Я работаю с действительно огромным набором данных пользовательских журналов GPS (в секунду), хранящихся в postgres
, содержащих данные почти за 3 месяца.
Теперь я хочу скопировать (как csv
) журналы GPS поездок пользователей за 15 дней апреля, этот запрос занимает в настоящее время почти 24 часа и все еще выполняется.
Запрос:
\COPY (SELECT session_id, trip_id, gpstime AS timestamp, lat, lon,
CASE
WHEN travel_mode = 'foot' THEN 0
WHEN travel_mode = 'bike' THEN 1
WHEN travel_mode = 'bus' THEN 2
WHEN travel_mode = 'car' THEN 3
WHEN travel_mode = 'metro' THEN 4
ELSE 999 END AS t_mode
FROM location_pre_filtered
INNER JOIN trips_with_travel_mode
ON session_id = ANY(session_ids)
WHERE (lat BETWEEN SYMMETRIC lat_start AND lat_end)
AND (lon BETWEEN SYMMETRIC lon_start AND lon_end)

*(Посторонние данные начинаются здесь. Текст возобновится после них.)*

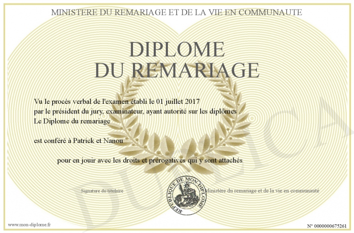 envoyé par le Ministère du remariage et de la vie en communauté !
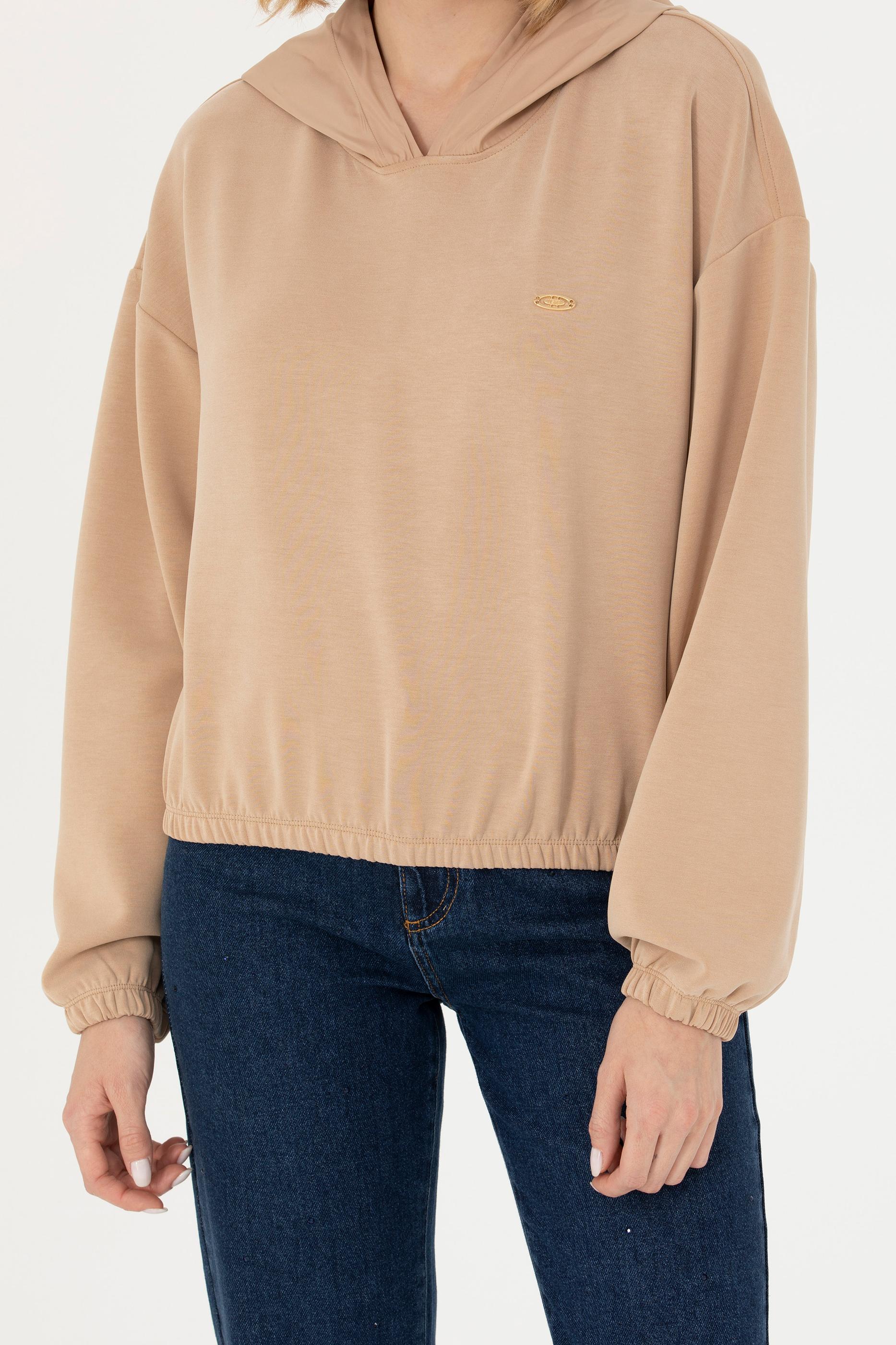 Kadın Kum Kapüşonlu Sweatshirt

AND to_timestamp(gpstime) BETWEEN '2016-04-01' AND '2016-04-15'
ORDER BY session_id, timestamp)
TO '~/april_15_days.csv'
WITH (FORMAT CSV, HEADER);
location_pre_filtered
таблица содержит необработанные журналы GSP, JOIN с пользователями trips_with_travel_mode
таблица
Аналогично, EXPLAIN ANALYZE ...
в этом запросе также занимает много времени, что мне пришлось отменитьоперация. Каков подход для запроса такого огромного набора данных. Является ли эта задержка приемлемой?
РЕДАКТИРОВАТЬ
Ниже приведен DDL для таблиц location_pre_filtered
и trips_with_travel_mode
, как указано в комментариях. Просто чтобы прояснить ситуацию, запрос ANALYZE
занимает много времени, поскольку я его прервал, это запрос копирования данных, который фактически длился почти 27 часов, копируя 937542 rows
в файл размером 44.2MB
.
citysense=> \d location_pre_filtered
View "citysense.location_pre_filtered"
Column | Type | Modifiers
-----------------+------------------+-----------
session_id | integer |
seconds | integer |
millis | smallint |
gpstime | integer |
gpsmillis | smallint |
nsats | smallint |
geo | geography |
lat | double precision |
lon | double precision |
alt | real |
track | real |
speed | real |
climb | real |
acc | real |
gps_provider | boolean |
notmoving | boolean |
wrongclock | boolean |
duplicate | boolean |
stoppoint | boolean |
locationproblem | boolean |
teleportproblem | boolean |
citysense=> \d trips_with_travel_mode
View "citysense.trips_with_travel_mode"
Column | Type | Modifiers
-----------------+------------------------+-----------
trip_id | integer |
daily_user_id | integer |
session_ids | integer[] |
seconds_start | integer |
lat_start | double precision |
lon_start | double precision |
seconds_end | integer |
lat_end | double precision |
lon_end | double precision |
distance | double precision |
segments_length | double precision |
foot | real |
bike | real |
car | real |
bus | real |
metro | real |
travel_mode | text |
role | character varying(500) |
EDIT-2
Вот план explain select
:
citysense=> EXPLAIN SELECT session_id, trip_id, gpstime AS timestamp, lat, lon, CASE WHEN travel_mode = 'foot' THEN 0 WHEN travel_mode = 'bike' THEN 1 WHEN travel_mode = 'bus' THEN 2 WHEN travel_mode = 'car' THEN 3 WHEN travel_mode = 'metro' THEN 4 ELSE 999 END AS t_mode FROM location_pre_filtered INNER JOIN trips_with_travel_mode ON session_id = ANY(session_ids) WHERE (lat BETWEEN SYMMETRIC lat_start AND lat_end) AND (lon BETWEEN SYMMETRIC lon_start AND lon_end) AND to_timestamp(gpstime) BETWEEN '2016-04-01' AND '2016-04-15' ORDER BY session_id, timestamp;
Sort (cost=12707773.62..12707816.96 rows=17335 width=32)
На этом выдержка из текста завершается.